Talos OS does many things that NixOS does as well (namely: declarative configuration of the entire system) but it is even more focused on simply running Kubernetes - and that makes it even simpler.

Where NixOS would have allowed me far more flexibility, I never needed it. So I went with the even simpler option.

### Changing from FluxCD/Helm to Terraform

YAML for Kubernetes manifests is terrible. Go template language for generating YAML is also terrible. So I looked into other configuration languages that would be more expressive (and not whitespace sensitive) and then _compile_ to YAML.

Helms management of CRDs did not easily allow me to update them. When restoring the cluster from manifests, there would be nasty dependencies on order of execution which weren't solved by Helm. Most Helm charts also added more _stuff_ to my cluster than I was comfortable with or able to understand.

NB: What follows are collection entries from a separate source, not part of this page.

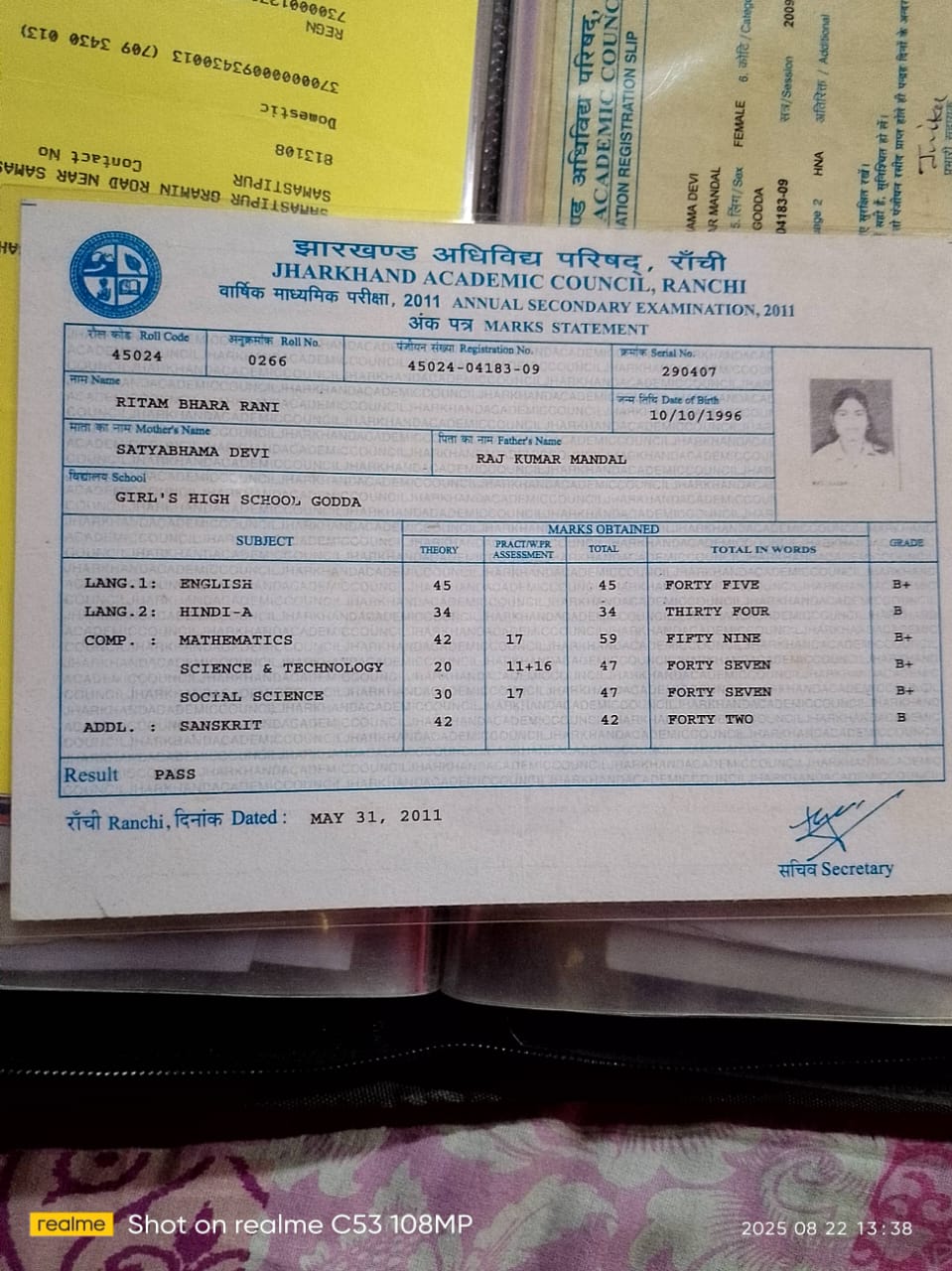 | Exam | Full Marks | Pass Marks | Marks Obtained |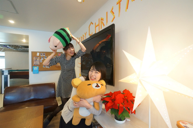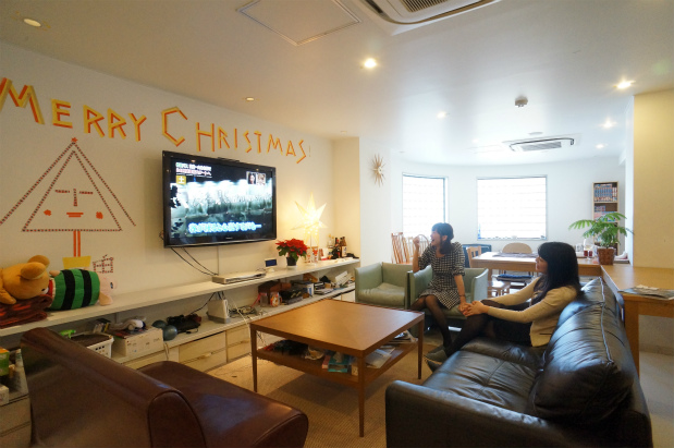 ありす「リビングに入ると、一気にアットホームな温かみのある雰囲気に♪クリスマス前にお邪魔したので、壁にMerryChristmasの飾りつけがされてました!ちょっと前はハロウィン仕様だったそうで、シェアメイトさんたちの仲良しな雰囲気が伺えますね♪」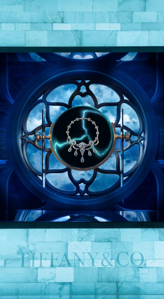 特别设计的数字屏幕及动态影像,与充满戏剧张力的橱窗布景融为一体,并在奥斯卡金像奖(Academy Award)得主亚历山大·德斯普拉(Alexandre Desplat)创作的恢弘影片配乐下同步呈现。璀璨的灯光装置将点亮第五大道,并于夜色中绽放出愈加绚烂的光芒。观众可通过扫描橱窗二维码,解锁独家幕后花絮。第五大道地标旗舰店内亦将特别呈现影片中米娅·高斯佩戴的多件蒂芙尼古董珠宝,展现了蒂芙尼艺术匠心与吉尔莫·德尔·托罗独特构想之间的共鸣。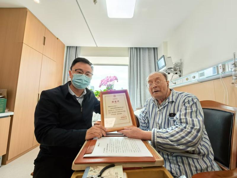 10月29日上午,beat365中文官方网站“翁史烈奖学金”续签仪式在翁校长疗养的华东医院举行。beat365中文官方网站发展联络处处长、教育发展基金会秘书长汪雨申一行专程赴医院拜望beat365中文官方网站原校长、翁史烈奖学金设立者翁史烈院士,并签署协议。我校beat365中文官方网站翁一武教授、校基金会副秘书长李毅陪同拜访。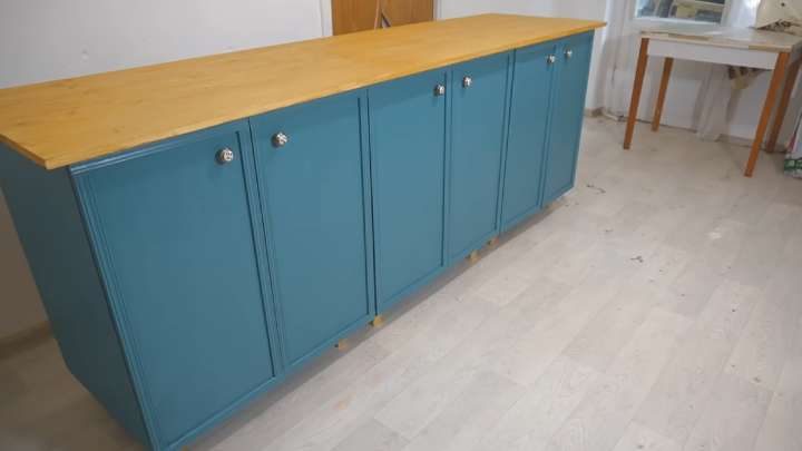 Установите ручки и столешницу. Это очень бюджетная замена магазинной мебели, к тому же, такого гарнитура не будет больше ни у кого!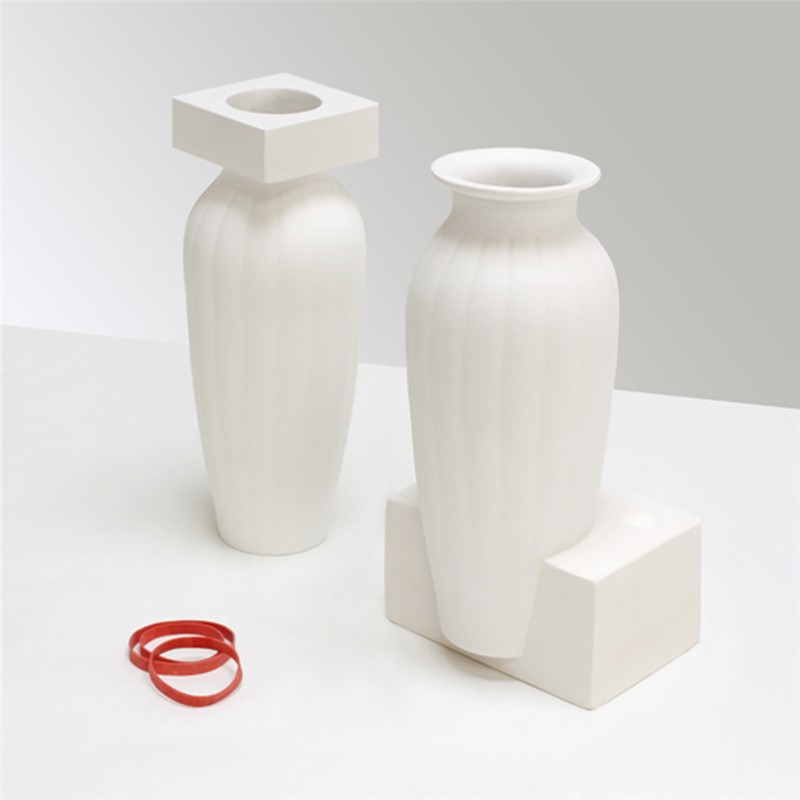 石膏注漿成型的模具通常在使用后就被丟棄。這些白色優(yōu)美剛?cè)岵?jì)的花瓶從模具中來并表達(dá)出通常不為人們所見的模具之美。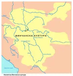 Окрім території сучасної Сербії культура Вінча була поширена в Угорщині (Осентіван), Румунії (Турдаш) і Болгарії (Градешниця). Іноді до Вінча зараховують грецькі знахідки Діміні. Носії культури Вінча займались хліборобством та тваринництвом.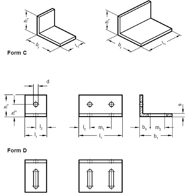 Form D sind in Abhängigkeit der Länge l1 mit 2 oder 4 Bohrungen versehen.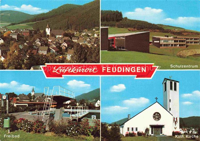 74100669 alte Postkarte Feudingen Bad Laasphe NRW Panorama Schulzentrum Freibad Kath Kirche postalisch gelaufen Erhaltung siehe scans [WerneD78] KatCode: 11110005970028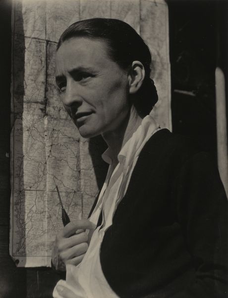 Curator: This gelatin-silver print, created by Paul Strand in 1954, is titled "Alex MacDonald, South Uist, Hebrides". Editor: The face strikes me immediately – weathered and deeply etched. It feels almost archetypal, embodying a specific type of rural stoicism. Curator: Precisely. Strand worked extensively documenting rural communities. I'm particularly drawn to the materiality visible in the photograph – the rough texture of MacDonald's tweed jacket, the chipped paint on the clapboard behind him. The materials speak to a life closely connected to labor and place. Editor: I see so much in that face, and also in his clothes—he has an argyle sweater but a heavy jacket as though he is dressed for utility. His slightly turned gaze feels both wary and inviting, like he has stories etched into his being. Curator: He does. MacDonald was a crofter, a tenant farmer. Look at the interplay of the textures; the gelatin-silver process, allows for such rich tonal variation, which underscores those distinctions between, say, the cloth and the face. The clothing also performs class. Editor: Absolutely. I also wonder about the poster behind him. Partially obscured as it is, it presents us with layers—it feels like the past overlaid on the present—another symbol of how memory and lived experience shape identity, especially in relation to one's location. Curator: The placement of that poster, likely advertising some tool or trade, draws attention to the economic realities structuring MacDonald’s existence. Consider the photographer's choices here; gelatin silver was widely available then. He consciously selected a process tied to accessibility. This echoes Strand's political commitment. Editor: Indeed. Seeing these details prompts considerations on time, memory, place. The image itself is a artifact carrying the weight of a particular moment and now offering echoes that reverberate in our own time and concerns. Curator: Well, from considering both its composition, process and symbolism, I would agree. It compels you to reflect on how these forms relate to what they stand for, from past into the present. Editor: It's more than a picture, it is an opening into ways to understand who we are, in our places and memories.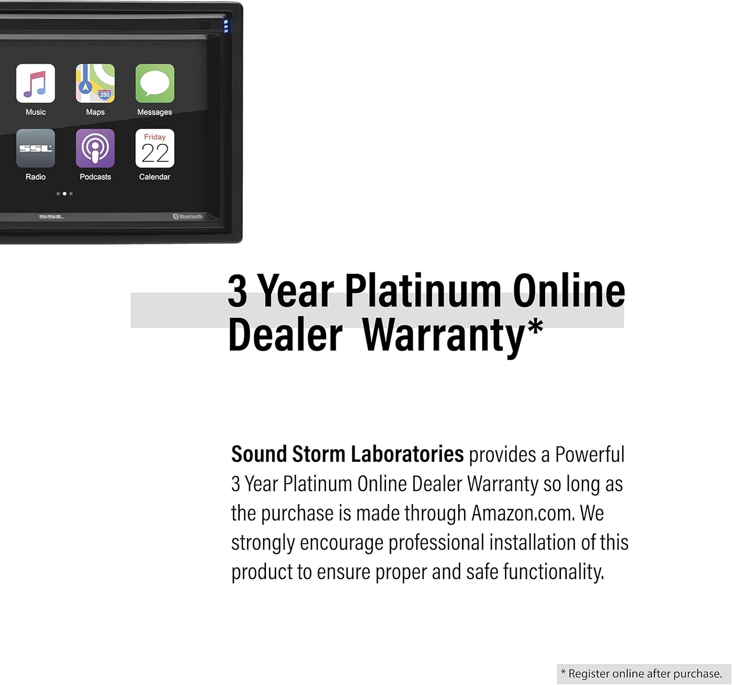 - Warranty - Sound Storm provides a powerful 3-year platinum online dealer warranty so long as the purchase is made through Amazon.com. We strongly encourage professional installation of this product to ensure proper and safe functionality

FluxCD enabled GitOps to deploy workloads and configuration to the cluster automatically on merge worked well, but since it's only a single person making changes, it was overblown. All I needed was a way to say "I want all of this in here".

All of these technologies _insist_ on adding more _stuff_ to your cluster. Usually a handful of CRDs to configure it and an Operator Pod to make the actual changes in the cluster. Resources on my Raspberry Pi are scarce, I'd rather spent them on useful applications than live Cloud Native overhead.

A non-whitespace config language. Dependency resolution. Drift detection. Terraform does all that. It solves all my gripes and is a lot simpler.